Chapter 1. Linux Virtual Server Overview
Linux Virtual Server (LVS) is a set of integrated software components for balancing the IP load across a set of real servers. LVS runs on a pair of equally configured computers: one that is an active LVS router and one that is a backup LVS router. The active LVS router serves two roles:
- To balance the load across the real servers.
- To check the integrity of the services on each real server.
The backup LVS router monitors the active LVS router and takes over from it in case the active LVS router fails.
This chapter provides an overview of LVS components and functions, and consists of the following sections:
1.1. A Basic LVS Configuration
Figure 1.1, “A Basic LVS Configuration” shows a simple LVS configuration consisting of two layers. On the first layer are two LVS routers — one active and one backup. Each of the LVS routers has two network interfaces, one interface on the Internet and one on the private network, enabling them to regulate traffic between the two networks. For this example the active router is using Network Address Translation or NAT to direct traffic from the Internet to a variable number of real servers on the second layer, which in turn provide the necessary services. Therefore, the real servers in this example are connected to a dedicated private network segment and pass all public traffic back and forth through the active LVS router. To the outside world, the servers appears as one entity.

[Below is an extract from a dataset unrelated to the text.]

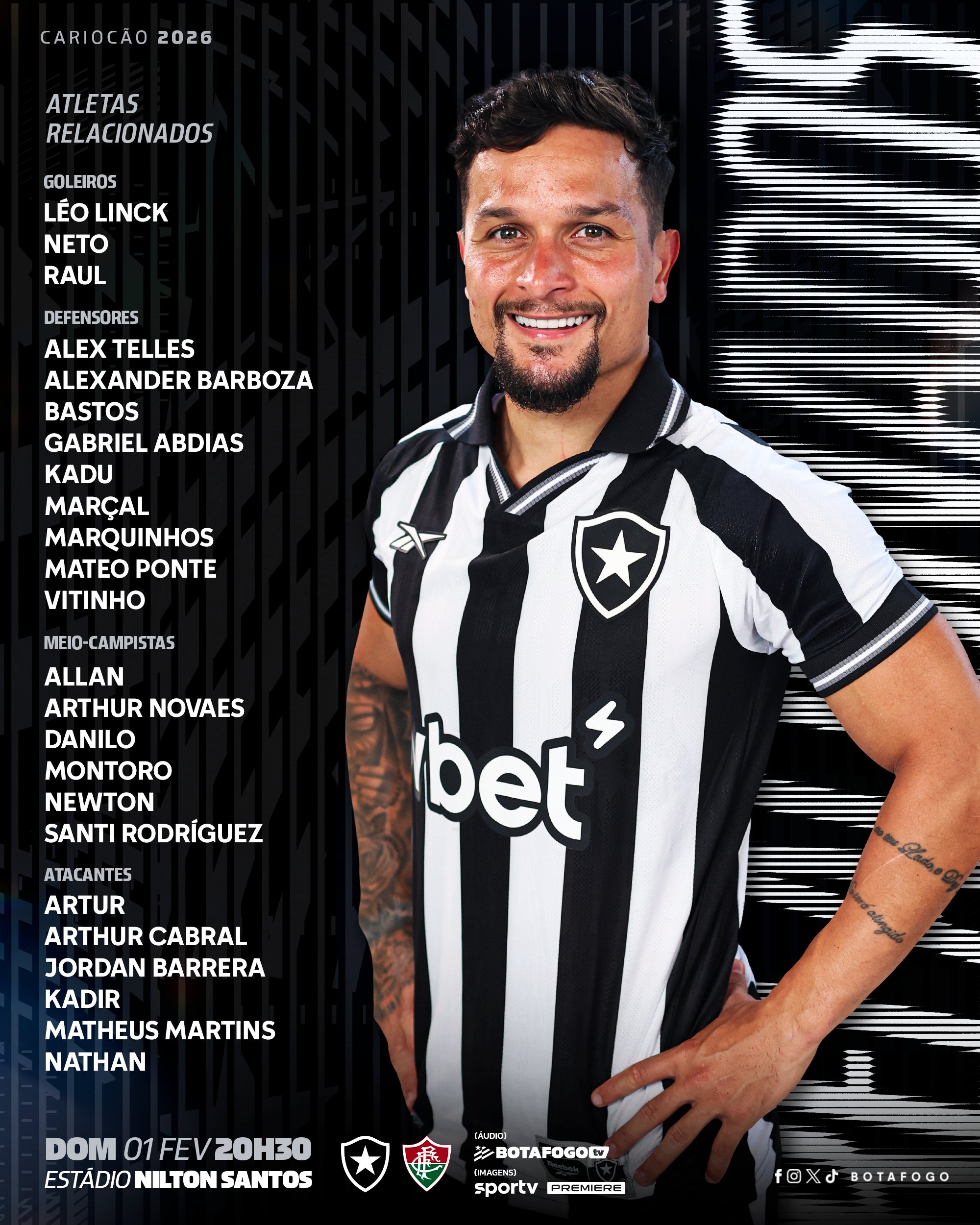 O Botafogo divulgou a lista de relacionados para enfrentar o Fluminense neste domingo, pelo Campeonato Carioca. São duas novidades em relação à última lista: o lateral-esquerdo Gabriel Abdias e o zagueiro/volante Marquinhos.

Figure 1.1. A Basic LVS Configuration
Service requests arriving at the LVS routers are addressed to a virtual IP address, or VIP. This is a publicly-routable address the administrator of the site associates with a fully-qualified domain name, such as www.example.com, and is assigned to one or more virtual servers. A virtual server is a service configured to listen on a specific virtual IP. Refer to Section 4.6, “VIRTUAL SERVERS” for more information on configuring a virtual server using the Piranha Configuration Tool. A VIP address migrates from one LVS router to the other during a failover, thus maintaining a presence at that IP address (also known as floating IP addresses).
VIP addresses may be aliased to the same device which connects the LVS router to the Internet. For instance, if eth0 is connected to the Internet, than multiple virtual servers can be aliased to
eth0:1
. Alternatively, each virtual server can be associated with a separate device per service. For example, HTTP traffic can be handled on eth0:1
, and FTP traffic can be handled on eth0:2
.
Only one LVS router is active at a time. The role of the active router is to redirect service requests from virtual IP addresses to the real servers. The redirection is based on one of eight supported load-balancing algorithms described further in Section 1.3, “LVS Scheduling Overview”.
The active router also dynamically monitors the overall health of the specific services on the real servers through simple send/expect scripts. To aid in detecting the health of services that require dynamic data, such as HTTPS or SSL, the administrator can also call external executables. If a service on a real server malfunctions, the active router stops sending jobs to that server until it returns to normal operation.
The backup router performs the role of a standby system. Periodically, the LVS routers exchange heartbeat messages through the primary external public interface and, in a failover situation, the private interface. Should the backup node fail to receive a heartbeat message within an expected interval, it initiates a failover and assumes the role of the active router. During failover, the backup router takes over the VIP addresses serviced by the failed router using a technique known as ARP spoofing — where the backup LVS router announces itself as the destination for IP packets addressed to the failed node. When the failed node returns to active service, the backup node assumes its hot-backup role again.
The simple, two-layered configuration used in Figure 1.1, “A Basic LVS Configuration” is best for serving data which does not change very frequently — such as static webpages — because the individual real servers do not automatically sync data between each node.
1.1.1. Data Replication and Data Sharing Between Real Servers
Since there is no built-in component in LVS to share the same data between the real servers, the administrator has two basic options:
- Synchronize the data across the real server pool
- Add a third layer to the topology for shared data access
The first option is preferred for servers that do not allow large numbers of users to upload or change data on the real servers. If the configuration allows large numbers of users to modify data, such as an e-commerce website, adding a third layer is preferable.
1.1.1.1. Configuring Real Servers to Synchronize Data
There are many ways an administrator can choose to synchronize data across the pool of real servers. For instance, shell scripts can be employed so that if a Web engineer updates a page, the page is posted to all of the servers simultaneously. Also, the system administrator can use programs such as
rsync
to replicate changed data across all nodes at a set interval.
However, this type of data synchronization does not optimally function if the configuration is overloaded with users constantly uploading files or issuing database transactions. For a configuration with a high load, a three-tier topology is the ideal solution.